Serves 4 to 6 people.

Directions:

  • Halve and pit your peaches.
  • Brush the halves with olive oil, then grill them face-down till they have char marks and are caramelized.
  • In a small saucepan, combine your balsamic vinegar with honey or another sweetener of your choice. If you’re vegan, try agave or plain brown sugar—both work well here. Simmer on low heat for 5 to 10 minutes until the liquid becomes syrupy. It’s important not to use medium or high heat—balsamic and honey WILL burn and ruin your pans.
  • Place grilled peaches on a serving platter face-up. Drizzle with your balsamic syrup glaze.
  • Spoon or squeeze a dollop of fresh coconut cream into the center of each peach.
  • Finish with fresh mint shreds.

Gear you’ll need:

  • A grill or grill pan (or even a panini press-style machine)
  • A pastry brush to distribute olive oil evenly on the cut peaches
  • A whisk or milk frother if you’re making your own whipped coconut cream

Notes: If you end up with extra grilled peaches, slice them thinly and store them in a plastic container in your fridge. They’re deliciously refreshing as salad toppers. We especially love these with almond slivers, fresh arugula, additional balsamic syrup and really good quality extra virgin olive oil.

And it’s great to keep the recipe for balsamic glaze on hand, too. We love it drizzled on grilled veggies, crunchy salads, fish, chicken and loads of other healthy, delicious recipes.

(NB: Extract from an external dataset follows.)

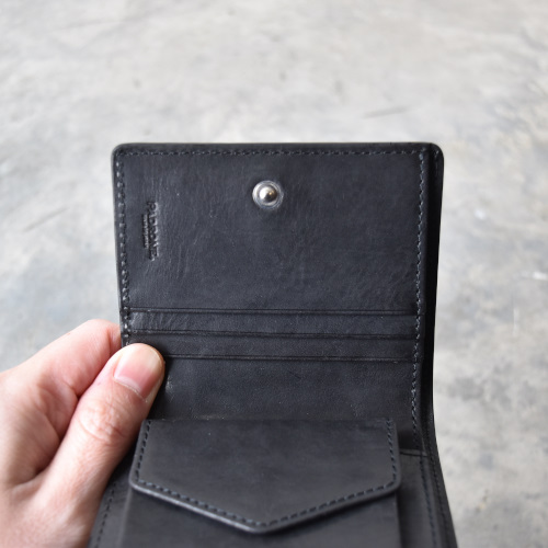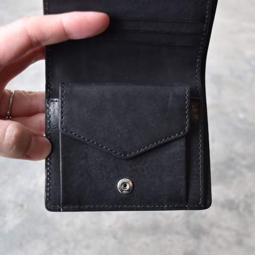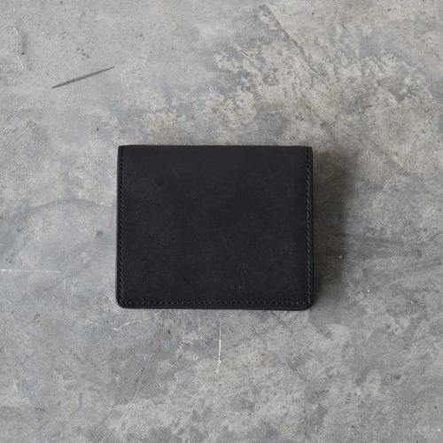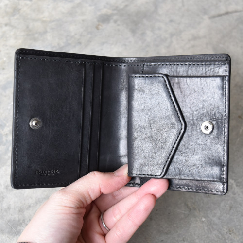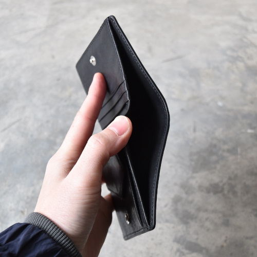 国産のモストロレザーを使用。 植物タンニンなめしのヌメ革を染料で染めた後、一枚一枚手塗りでワックスを塗り込み仕上げています。 使い始めは表面が白っぽく、徐々に表面のワックスが革の内部に染み込み、輝くほどの艶が出てくると同時に手触りもなめらかになってきます。

grilled peaches dessert recipe

Grilled Peaches with Whipped Coconut Cream, Honey Balsamic Drizzle & Mint

Print Recipe
This rich, satisfying dessert is surprisingly sinless and easy to make
Prep Time 4 minutes
Cook Time 10 minutes
Servings 4 people
Cost $5

Ingredients

  • 1 tbsp extra virgin olive oil
  • 4 whole not-too-ripe peaches (tender to touch, but not mushy or overripe)
  • 1/2 cup balsamic vinegar
  • 2 tbsp honey or sweetener of your choice (we also like brown sugar or agave syrup if you're vegan)
  • 6 tbsp whipped coconut cream
  • 6 whole mint leaves (shredded)

Instructions

  • Halve and pit your peaches.
  • Brush the halves with olive oil, then grill them face-down till they have char marks and are caramelized.
  • In a small saucepan, combine your balsamic vinegar with honey or other sweetener of your choice. Simmer on low heat for 5 to 10 minutes until the liquid becomes syrupy. It's important not to use medium or high heat—balsamic and honey WILL burn and ruin your pans.
  • Place grilled peaches on a serving platter face-up. Drizzle with your balsamic syrup glaze.
  • Spoon or squeeze a dollop of fresh coconut cream into the center of each peach.
  • Finish with fresh mint shreds.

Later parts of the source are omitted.